■ **Records shown**
• • • • •
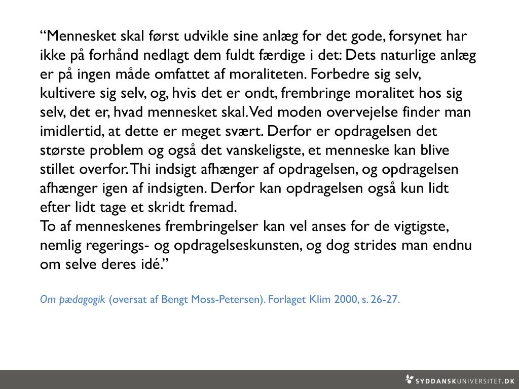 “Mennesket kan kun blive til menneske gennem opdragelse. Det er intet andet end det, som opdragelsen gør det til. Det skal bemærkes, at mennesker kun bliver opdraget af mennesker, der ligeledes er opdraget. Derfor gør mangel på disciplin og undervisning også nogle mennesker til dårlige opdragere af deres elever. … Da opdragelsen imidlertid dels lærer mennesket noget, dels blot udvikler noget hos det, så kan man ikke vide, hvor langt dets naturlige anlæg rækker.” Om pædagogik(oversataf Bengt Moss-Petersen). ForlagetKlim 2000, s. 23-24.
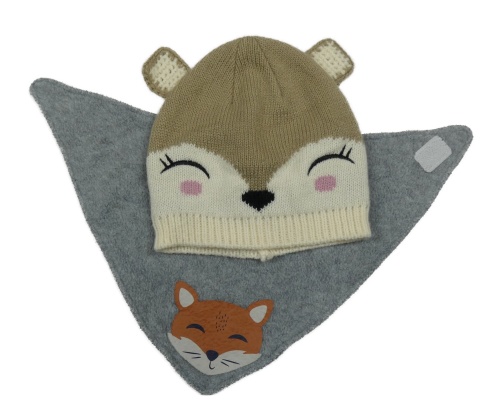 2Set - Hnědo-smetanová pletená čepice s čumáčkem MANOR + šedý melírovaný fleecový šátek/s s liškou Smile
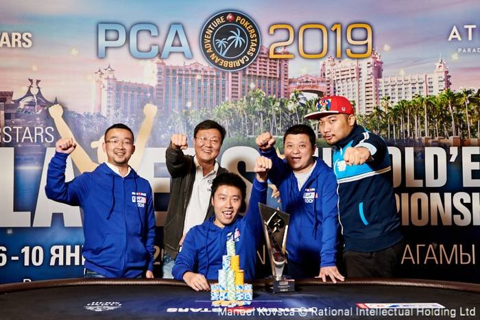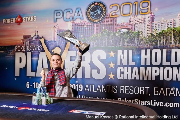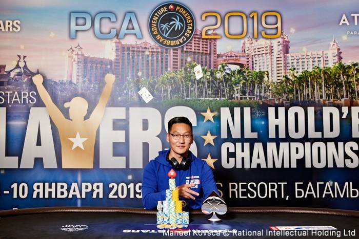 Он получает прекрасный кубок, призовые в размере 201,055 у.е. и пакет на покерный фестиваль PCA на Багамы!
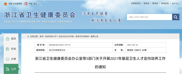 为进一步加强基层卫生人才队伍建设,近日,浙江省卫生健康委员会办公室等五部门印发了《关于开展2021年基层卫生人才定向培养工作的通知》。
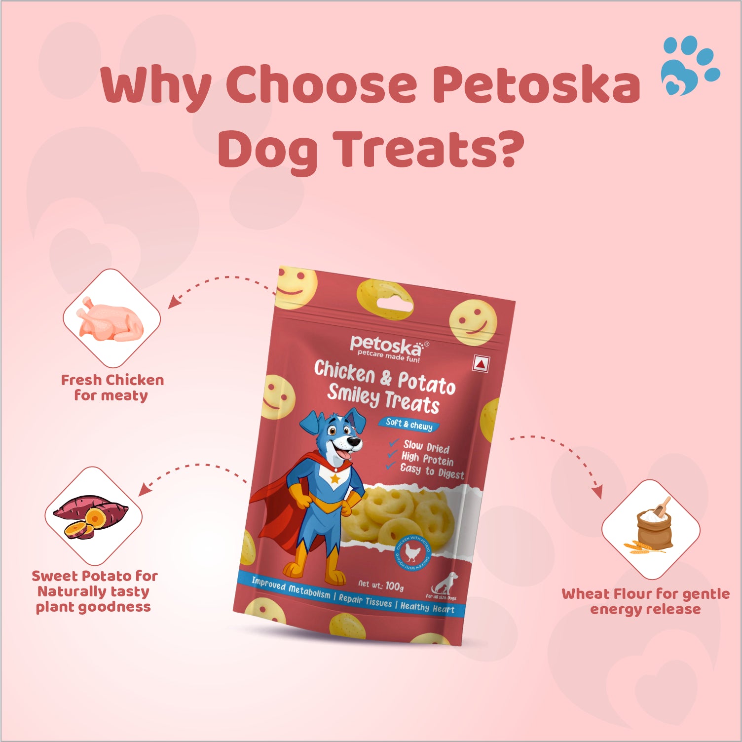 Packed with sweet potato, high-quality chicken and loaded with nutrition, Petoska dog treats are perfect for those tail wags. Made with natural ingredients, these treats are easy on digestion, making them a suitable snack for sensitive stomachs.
• • • • •
■ **Exercise objective**
Repeat the entries faithfully. Any picture gets left out.

■ **Solution to this problem**
 “Mennesket kan kun blive til menneske gennem opdragelse. Det er intet andet end det, som opdragelsen gør det til. Det skal bemærkes, at mennesker kun bliver opdraget af mennesker, der ligeledes er opdraget. Derfor gør mangel på disciplin og undervisning også nogle mennesker til dårlige opdragere af deres elever. … Da opdragelsen imidlertid dels lærer mennesket noget, dels blot udvikler noget hos det, så kan man ikke vide, hvor langt dets naturlige anlæg rækker.” Om pædagogik(oversataf Bengt Moss-Petersen). ForlagetKlim 2000, s. 23-24.
 2Set - Hnědo-smetanová pletená čepice s čumáčkem MANOR + šedý melírovaný fleecový šátek/s s liškou Smile
 Он получает прекрасный кубок, призовые в размере 201,055 у.е. и пакет на покерный фестиваль PCA на Багамы!
 为进一步加强基层卫生人才队伍建设,近日,浙江省卫生健康委员会办公室等五部门印发了《关于开展2021年基层卫生人才定向培养工作的通知》。
 Packed with sweet potato, high-quality chicken and loaded with nutrition, Petoska dog treats are perfect for those tail wags. Made with natural ingredients, these treats are easy on digestion, making them a suitable snack for sensitive stomachs.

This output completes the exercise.